Re: Oddball data distribution giving me planner headaches

От
Jeff Amiel
Дата:

--- On Fri, 12/2/11, David Johnston <polobo@yahoo.com> wrote:

> What happens if you disable, say, nested loops and/or index
> scans?

planner selects different join/indexing techniques (query is slower) but row estimates (bad) remain identical.

Re: Oddball data distribution giving me planner headaches

От
"David Johnston"
Дата:
-----Original Message-----
From: Jeff Amiel [mailto:becauseimjeff@yahoo.com]
Sent: Friday, December 02, 2011 4:15 PM
To: pgsql-general@postgresql.org; David Johnston
Subject: RE: [GENERAL] Oddball data distribution giving me planner headaches



--- On Fri, 12/2/11, David Johnston <polobo@yahoo.com> wrote:

> What happens if you disable, say, nested loops and/or index scans?

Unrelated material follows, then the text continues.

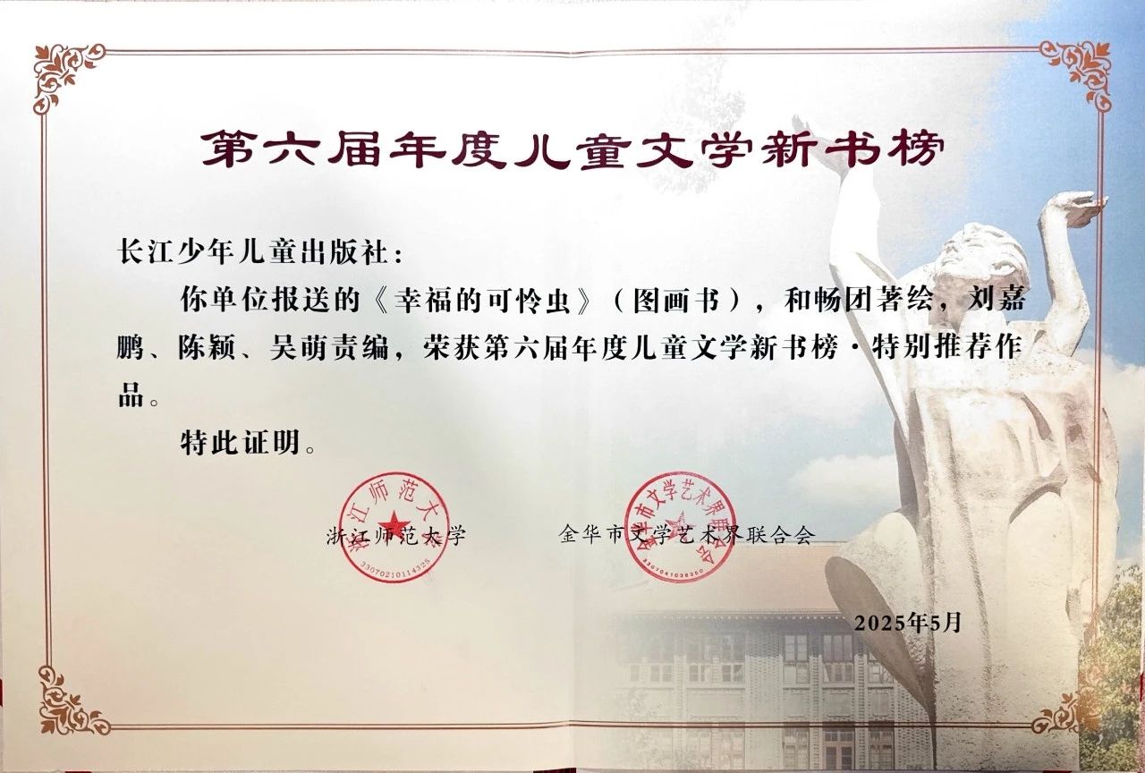 近日,第六屆年度兒童文學新書榜揭曉。長江少年兒童出版社《幸福的可憐蟲》榮獲特別推薦作品。

planner selects different join/indexing techniques (query is slower) but row
estimates (bad) remain identical.


---------------------------------------------------------
My, possibly naïve, observation:

So aside from the fact the estimates seem to be off the planner has still
chosen the most effective plan?  In that situation no matter how accurate
you get the statistics you will not gain any performance because the planner
will never choose a different plan.

IF you can find a combination of settings that forces a better performing
plan THEN steps can be taken (by others more skilled than myself) to
configure the statistics/planner system to get that better plan naturally.

David J.



Re: Oddball data distribution giving me planner headaches

От
Jeff Amiel
Дата:

--- On Fri, 12/2/11, David Johnston <polobo@yahoo.com> wrote:

> From: David Johnston <polobo@yahoo.com>

> ---------------------------------------------------------
> My, possibly naïve, observation:
>
> So aside from the fact the estimates seem to be off the
> planner has still
> chosen the most effective plan?  In that situation no
> matter how accurate
> you get the statistics you will not gain any performance
> because the planner
> will never choose a different plan.
>
Thanks.....
I'm not interested in optimizing this query.....it's fast and efficient.  However, the planner thinks that it is going
toreturn a million rows when it is only going to return one thousand.  When this query is used as an element of a
BIGGERquery, that causes me all sorts of planner issues.... 
That's the problem I am trying to solve...why the planner is 3 orders of magnitude off in row estimation.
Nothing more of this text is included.